- [Assigned task] In the listing below, the lines starting at the line with "放入少许水淀粉(因为糖和油够" and ending at the line with "证券之星消息,截至2025年" are to be output verbatim. Images stay out of the copy.

- [Data section]
··········

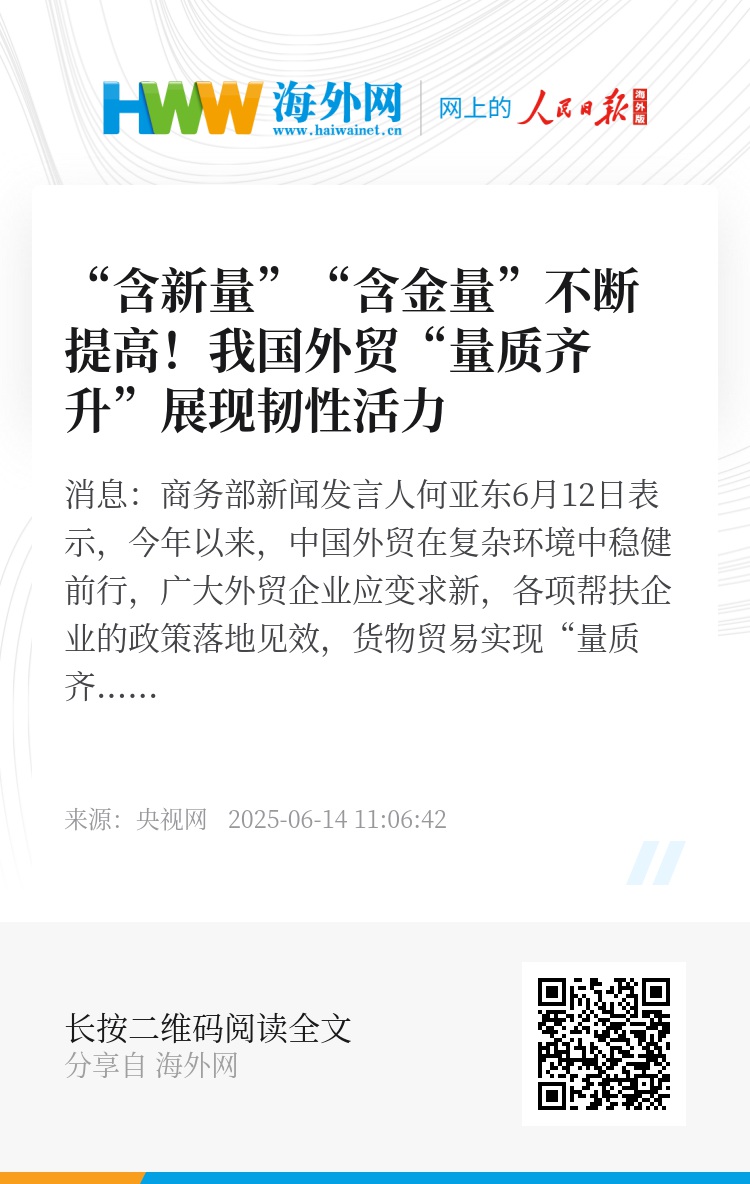央视网消息:商务部新闻发言人何亚东6月12日表示,今年以来,中国外贸在复杂环境中稳健前行,广大外贸企业应变求新,各项帮扶企业的政策落地见效,货物贸易实现“量质齐升”,展现出中国外贸独特的韧性和活力。
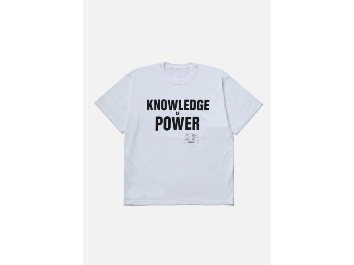 KATHARINE HAMNETTが提言するスローガンをプリントしたショートスリーブTシャツ。スローガンには、知識を人生や社会を変える力とし、進歩のための手段と捉えたメッセージが込められている。コットン天竺のオリジナルボディを使用。特別仕様のブランドタグを配置。
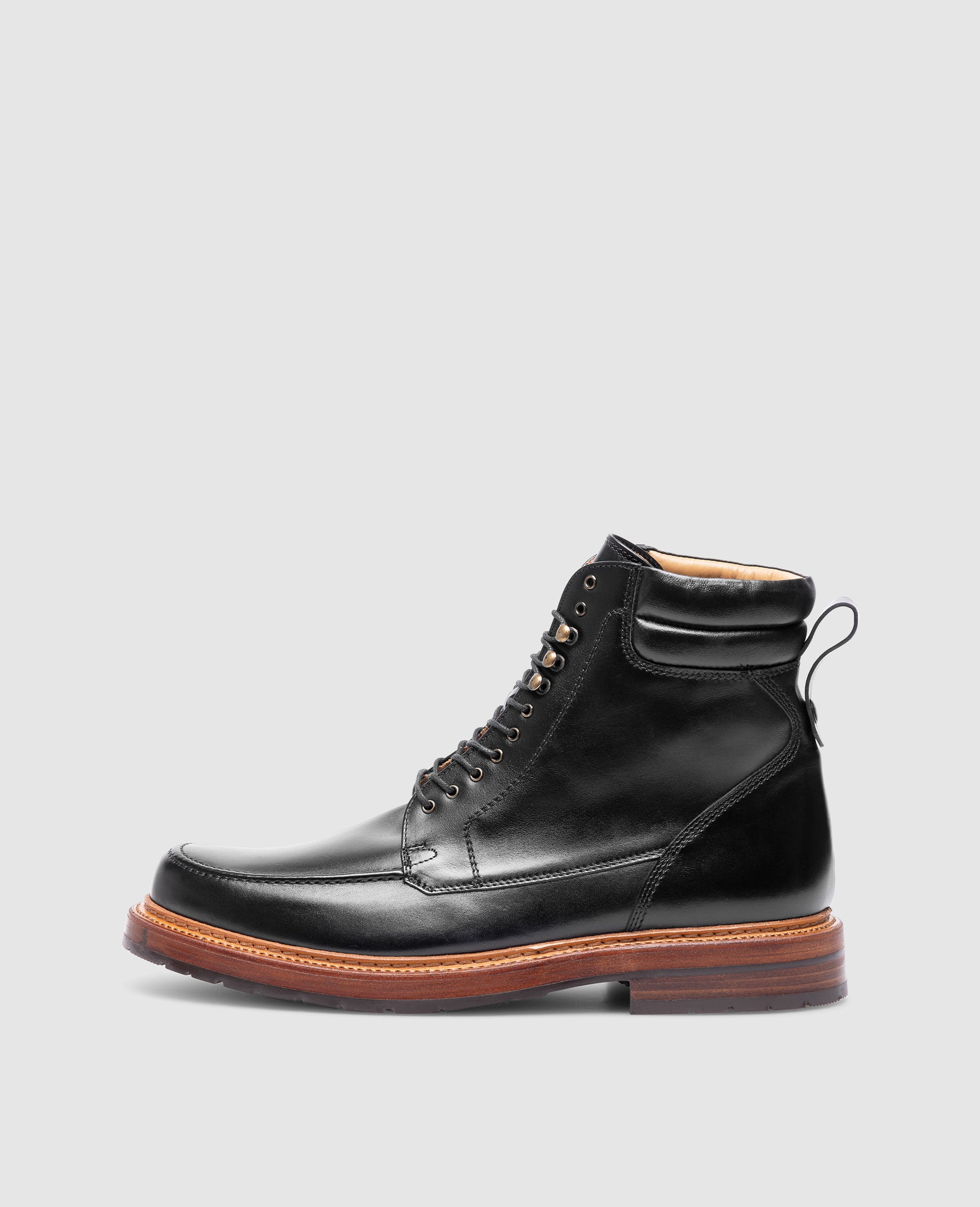 A superb addition to our Heinrich Dinkelacker boots collection, the Norwegian silhouette wins through it's unique vamp design due to the remarkable stitch line along the fore foot area. Combined with a subtle shiny yet elegant box calf leather and hand made welted sole unit popped with a natural brown color, the Norwegian has become a staple in our new boots collection. The inside is enriched with a smooth leather running all the way down until the toes.
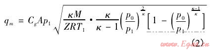 式中,β為臨界壓力比,p0為環(huán)境絕對壓力,pe為泄漏口燃?xì)獾呐R界壓力,κ為燃?xì)獾褥刂笖?shù)。κ是溫度的函數(shù),理想氣體的κ可近似為定值,對于天然氣,κ可近似取1.29。假設(shè)p1為管道內(nèi)燃?xì)獾慕^對壓力,當(dāng)p0/p1>β時(shí),燃?xì)庠谛孤┛谔帉儆趤喡曀倭鲃?dòng),反之為聲速流動(dòng)。根據(jù)本文燃?xì)夤艿拦ぷ鲏毫Γ纱_定泄漏時(shí)氣體流動(dòng)屬于亞聲速流動(dòng),因此燃?xì)庑孤┑馁|(zhì)量流量可通過式(2)計(jì)算獲得:
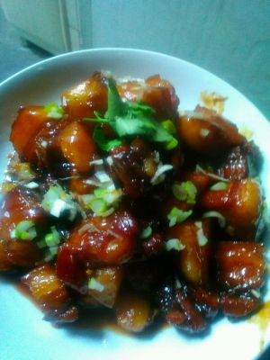 放入少许水淀粉(因为糖和油够量,汤汁本身就会比较浓稠,水淀粉不需要太多),大火收汁即可。因为老公喜欢花生,所以我放了点炸花生,不放也可以
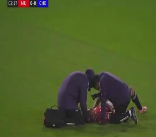 曼聯(lián)球員奇多-奧比經(jīng)過長(zhǎng)時(shí)間檢查后最終被替換下場(chǎng)。
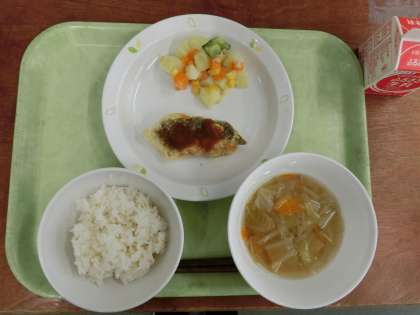 献立は「麦ごはん、魚のバーベキューソース、マセドアンサラダ、野菜スープ、牛乳」です。
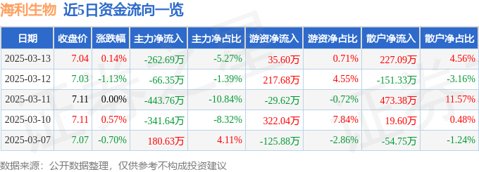 证券之星消息,截至2025年3月13日收盘,海利生物(603718)报收于7.04元,上涨0.14%,换手率1.1%,成交量7.14万手,成交额4980.84万元。
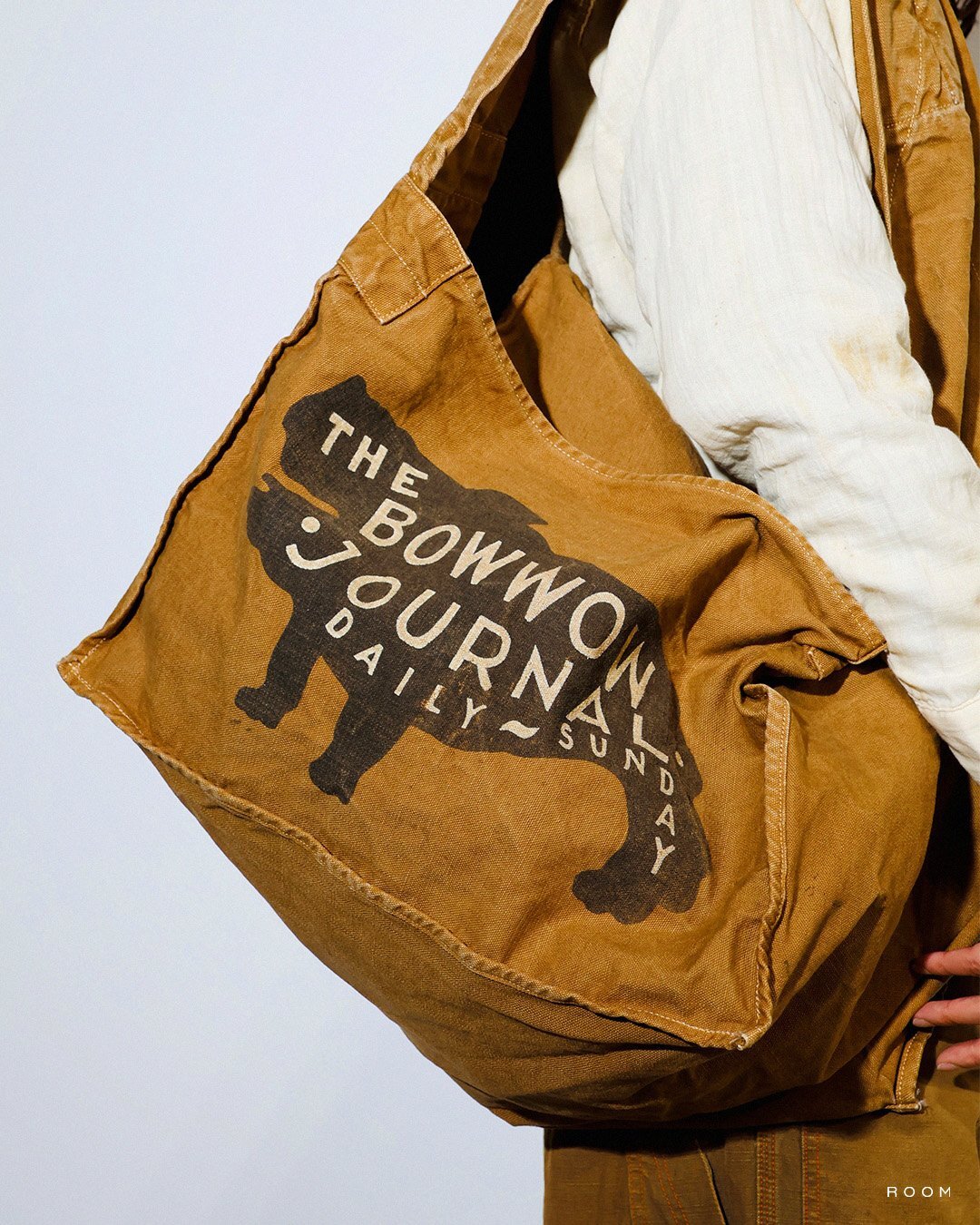 Inspired by pre-1930s newspaper delivery bags, featuring THE BOW WOW JOURNAL bulldog icon.
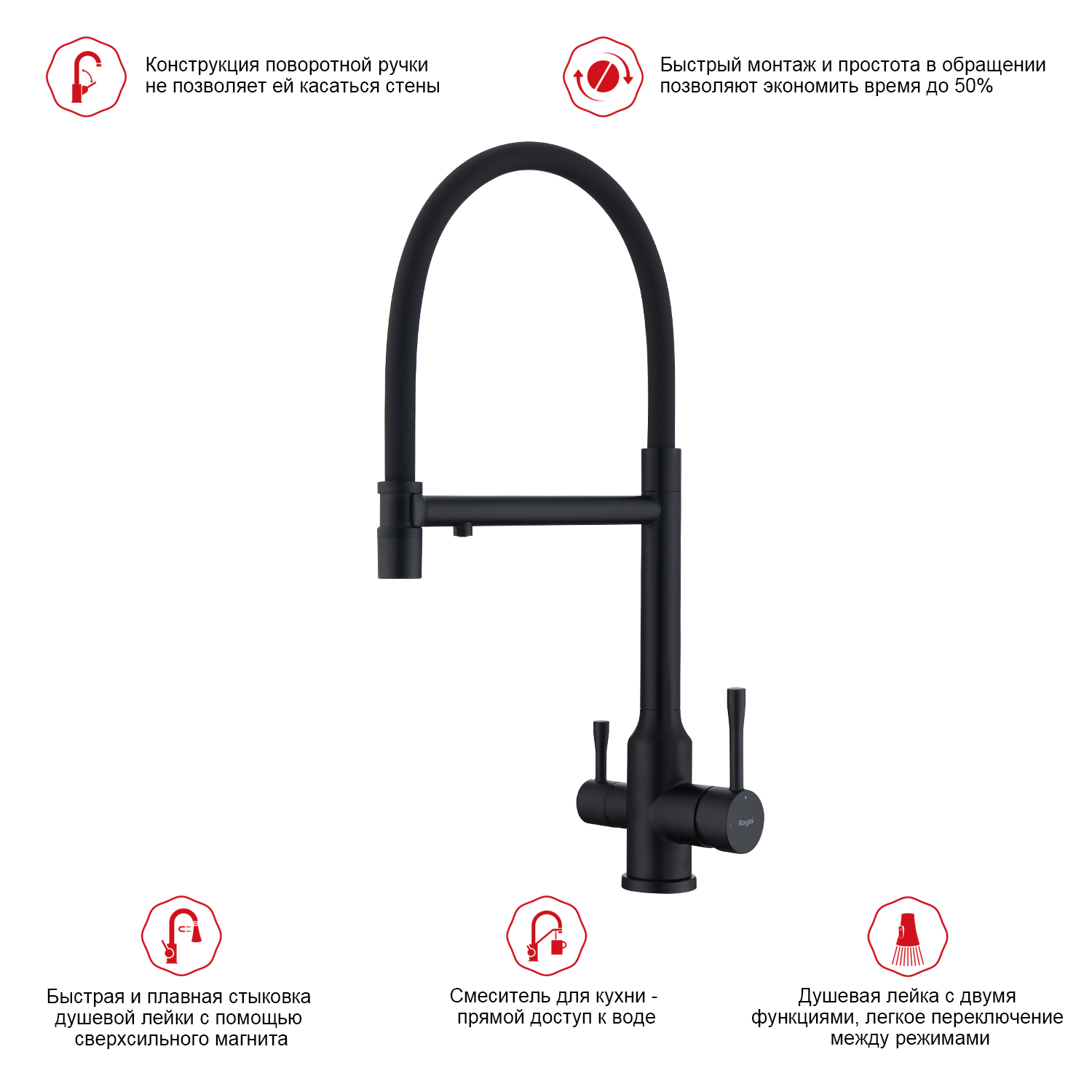 Raglo R81.63.06. Цвет: черный. Смеситель для кухни со съемным изливом на магните и подключением фильтра питьевой воды. Гибкий излив черного цвета. Крепление на усиленной гайке. Подводка длиной 55 см имеет латунные гайки. Гарантия на смеситель 7 лет и 2 года на покрытие!
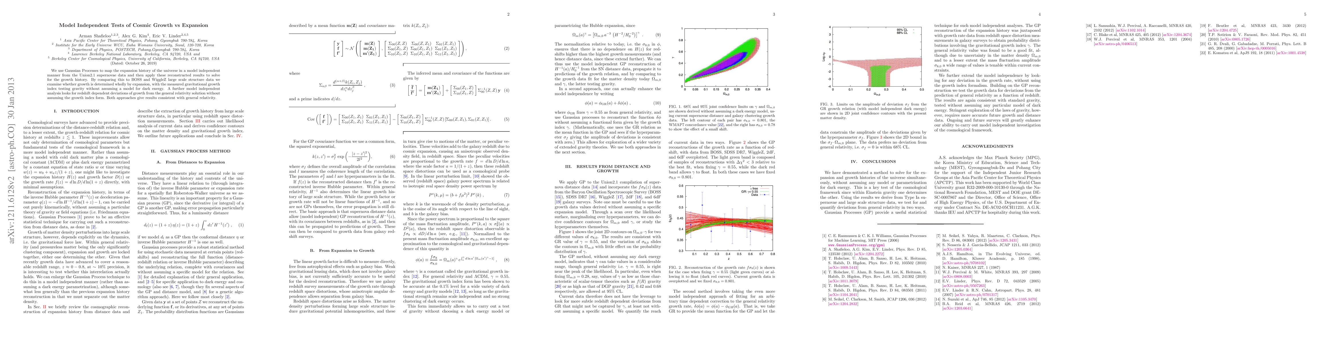 This paper employs Gaussian Processes to reconstruct the universe's expansion history from supernovae data in a model-independent way, then uses this to infer the growth history. The study confirms that the growth rate aligns with predictions from general relativity, without assuming a specific dark energy model.
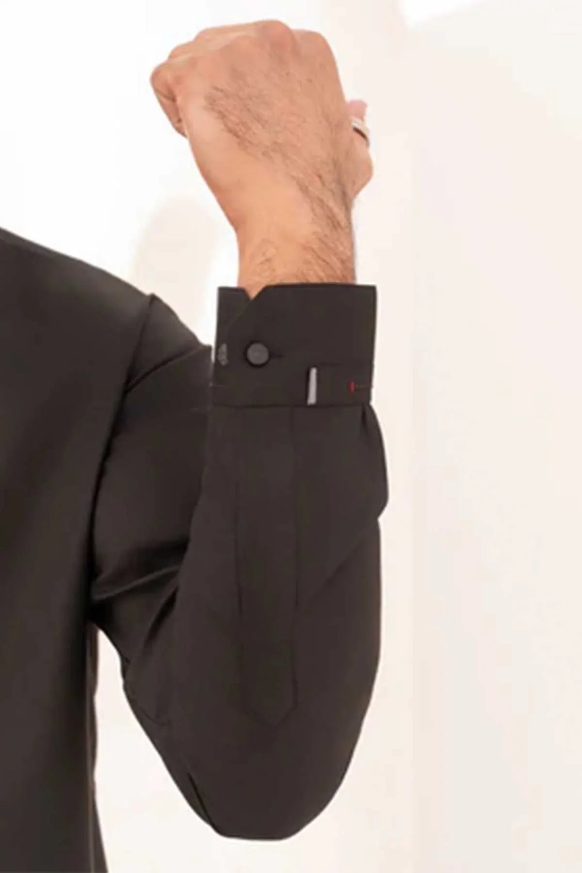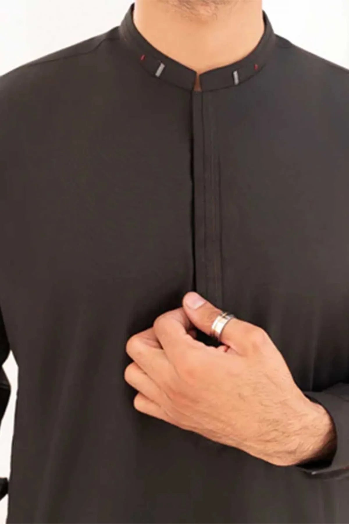 Men'S Wash & Wear 2 Piece Shalwar Kameez By Buraq Is Perfect For Daily Wear. The Black Ensemble Features A Regular Fit Top With A Stylish Mandarin Collar And Chain Stitch Detailing. The Straight-Leg Bottoms Offer Comfort And Versatility For All Seasons.

··········

- [Response below]
 放入少许水淀粉(因为糖和油够量,汤汁本身就会比较浓稠,水淀粉不需要太多),大火收汁即可。因为老公喜欢花生,所以我放了点炸花生,不放也可以
 曼聯(lián)球員奇多-奧比經(jīng)過長(zhǎng)時(shí)間檢查后最終被替換下場(chǎng)。
 献立は「麦ごはん、魚のバーベキューソース、マセドアンサラダ、野菜スープ、牛乳」です。
 证券之星消息,截至2025年3月13日收盘,海利生物(603718)报收于7.04元,上涨0.14%,换手率1.1%,成交量7.14万手,成交额4980.84万元。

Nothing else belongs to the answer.